Debunking the ‘Destitute Bangladeshi’ Myth, Economic Realities, Cultural Prejudices, and the Politics of Comparison

The idea of Bangladesh is a major polarising factor in India. We expect the entire nation to be grateful to us because our Army liberated them in 1971. And if some among them speak against India and in favour of Pakistan, we are incensed. For those in the Hindutva camp, Bangladesh’s turn towards Islamic fundamentalism is a sign that religion can never be separated from nationalism and that India truly only belongs to Hindus. The fact that Bangladesh has twice overtaken us in IMF per capita GDP calculations, including in the latest projections for 2026, is a matter of great shame for people on both sides of the political divide. For those who oppose the BJP government, it is a sign that India’s economy has not flourished during the Modi era.
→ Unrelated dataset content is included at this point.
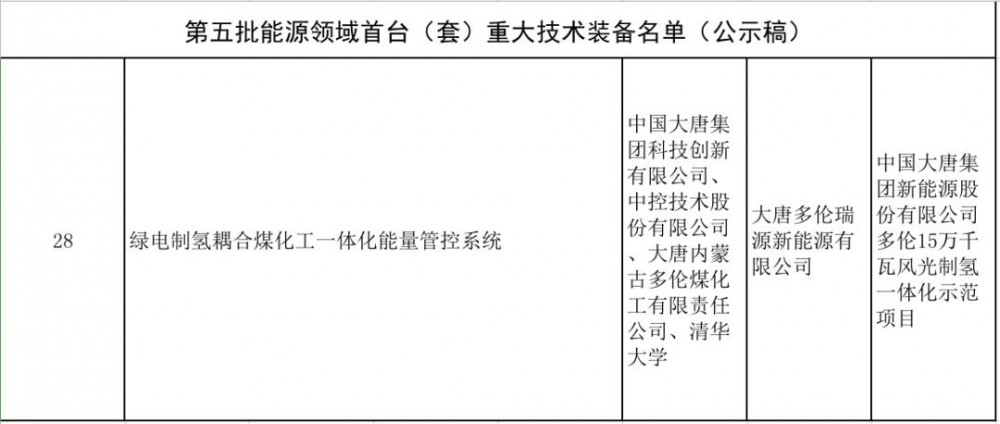 2025年8月19日,國家能源局公示第五批能源領域首臺(套)重大技術裝備名單。其中,錫林郭勒盟大唐多倫15萬千瓦風光制氫一體化示范項目中的綠電制氫耦合煤化工一體化能量管控系統成功入選。
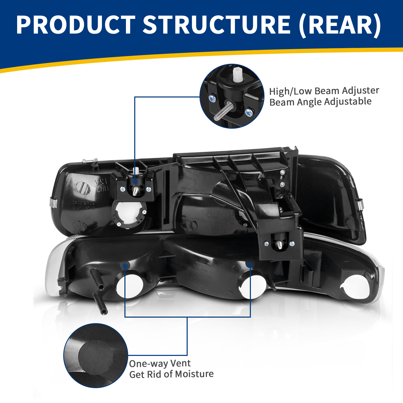 Note: Our warehouse has two version of these headlights, but they are the same factory and function, we will ship them randomly, thanks for your understanding.

For those who support the BJP, it is an embarrassing data point which has to be explained away through technical arguments about economic growth. But behind these intense, and often acerbic, disputations lies a deeper, more pernicious assumption: that Bangladesh represents the worst economic and social conditions in the Indian subcontinent. In fact, Bangladesh’s development has been called ‘kanglu’ on social media—a variation of the word kangal or destitute—and there are thousands of references about how the ‘kanglu’ is still living in the age of bullock carts and mud huts. Most of this is untrue. The idea of a destitute Bangladesh is a myth, rooted not in economic data but in cultural prejudice, colonial history, and the Bengali bhadralok imaginary.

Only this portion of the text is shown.